── Records supplied

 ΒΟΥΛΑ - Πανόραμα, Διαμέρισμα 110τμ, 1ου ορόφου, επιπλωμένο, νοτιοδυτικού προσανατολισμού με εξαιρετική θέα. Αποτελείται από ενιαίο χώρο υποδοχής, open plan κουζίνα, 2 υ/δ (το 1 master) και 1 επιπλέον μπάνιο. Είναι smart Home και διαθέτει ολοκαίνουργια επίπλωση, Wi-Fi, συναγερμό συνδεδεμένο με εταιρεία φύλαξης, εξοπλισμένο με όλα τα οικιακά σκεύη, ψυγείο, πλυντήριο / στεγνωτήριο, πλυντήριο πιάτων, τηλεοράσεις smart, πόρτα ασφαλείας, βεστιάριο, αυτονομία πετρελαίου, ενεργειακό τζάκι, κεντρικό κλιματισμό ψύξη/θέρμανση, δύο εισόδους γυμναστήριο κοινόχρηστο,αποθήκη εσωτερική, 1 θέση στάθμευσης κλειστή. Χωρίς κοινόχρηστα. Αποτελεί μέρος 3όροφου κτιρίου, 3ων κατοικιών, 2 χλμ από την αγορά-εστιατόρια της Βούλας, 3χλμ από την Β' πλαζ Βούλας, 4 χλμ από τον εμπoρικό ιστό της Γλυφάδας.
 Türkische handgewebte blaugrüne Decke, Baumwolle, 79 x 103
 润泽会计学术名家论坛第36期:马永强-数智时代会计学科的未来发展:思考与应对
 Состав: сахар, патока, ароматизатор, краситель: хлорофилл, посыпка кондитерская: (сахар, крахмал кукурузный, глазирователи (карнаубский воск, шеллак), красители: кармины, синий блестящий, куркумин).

────
── Records supplied

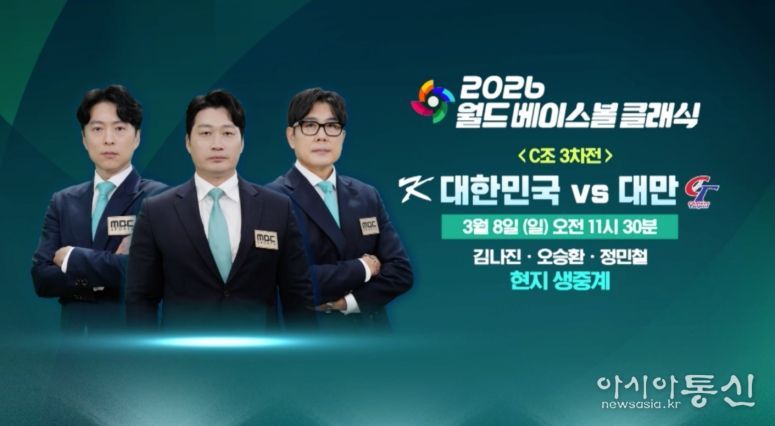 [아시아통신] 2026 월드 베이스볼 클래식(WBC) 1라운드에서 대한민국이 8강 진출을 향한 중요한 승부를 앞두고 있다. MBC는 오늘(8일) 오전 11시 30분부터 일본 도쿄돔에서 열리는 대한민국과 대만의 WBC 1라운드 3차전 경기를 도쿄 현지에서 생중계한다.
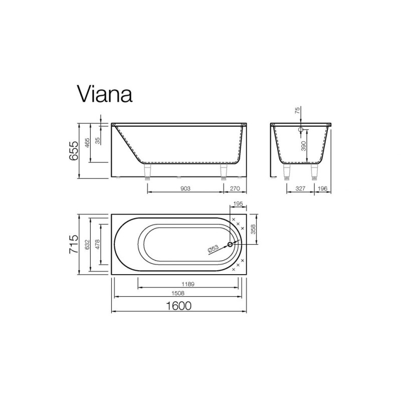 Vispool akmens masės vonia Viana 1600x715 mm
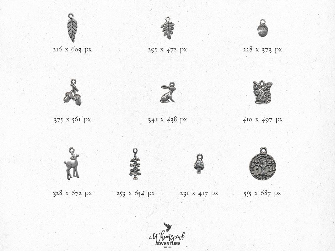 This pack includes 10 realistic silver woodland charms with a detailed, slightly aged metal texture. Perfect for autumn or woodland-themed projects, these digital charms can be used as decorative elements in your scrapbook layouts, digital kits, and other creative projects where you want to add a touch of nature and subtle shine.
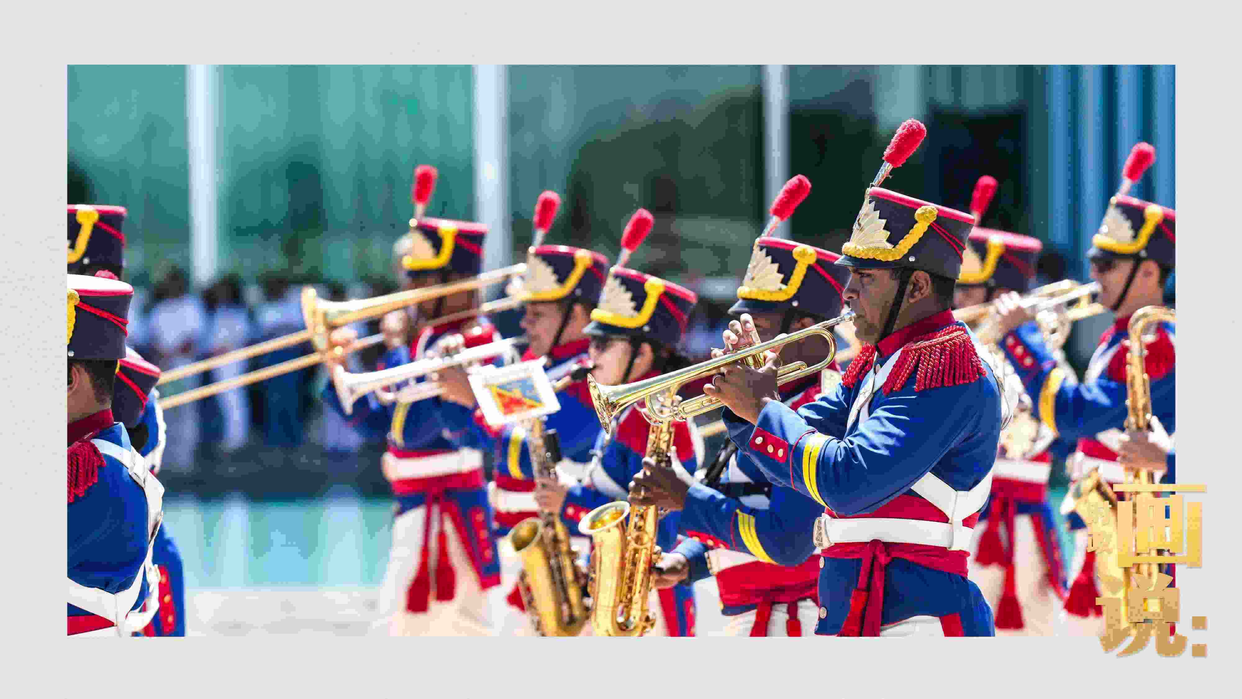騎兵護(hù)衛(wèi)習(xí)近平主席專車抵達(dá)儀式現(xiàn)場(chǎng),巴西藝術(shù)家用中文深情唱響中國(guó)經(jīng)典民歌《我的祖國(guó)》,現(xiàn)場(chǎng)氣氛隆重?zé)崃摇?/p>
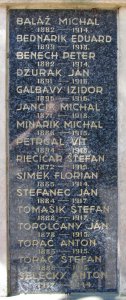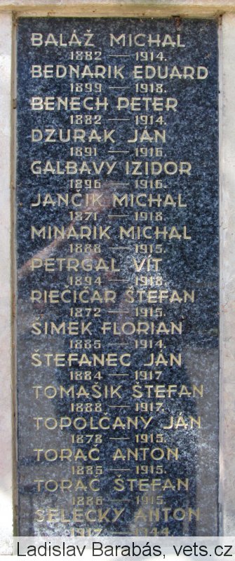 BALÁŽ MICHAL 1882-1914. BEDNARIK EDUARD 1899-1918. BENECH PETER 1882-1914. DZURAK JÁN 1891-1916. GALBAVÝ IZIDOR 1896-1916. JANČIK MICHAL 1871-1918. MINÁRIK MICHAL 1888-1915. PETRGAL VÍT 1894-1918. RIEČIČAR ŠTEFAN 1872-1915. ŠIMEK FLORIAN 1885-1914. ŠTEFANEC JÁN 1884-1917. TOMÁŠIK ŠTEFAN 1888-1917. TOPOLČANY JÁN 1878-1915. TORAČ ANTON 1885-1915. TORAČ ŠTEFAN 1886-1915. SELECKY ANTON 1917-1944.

────

What is being asked:
In the records above, find the line containing "Vispool akmens masės vonia Viana 1600x715 mm" and the line containing "This pack includes", then give both of them again word for word along with every line between. Omit any pictures.

Written answer:
 Vispool akmens masės vonia Viana 1600x715 mm
 This pack includes 10 realistic silver woodland charms with a detailed, slightly aged metal texture. Perfect for autumn or woodland-themed projects, these digital charms can be used as decorative elements in your scrapbook layouts, digital kits, and other creative projects where you want to add a touch of nature and subtle shine.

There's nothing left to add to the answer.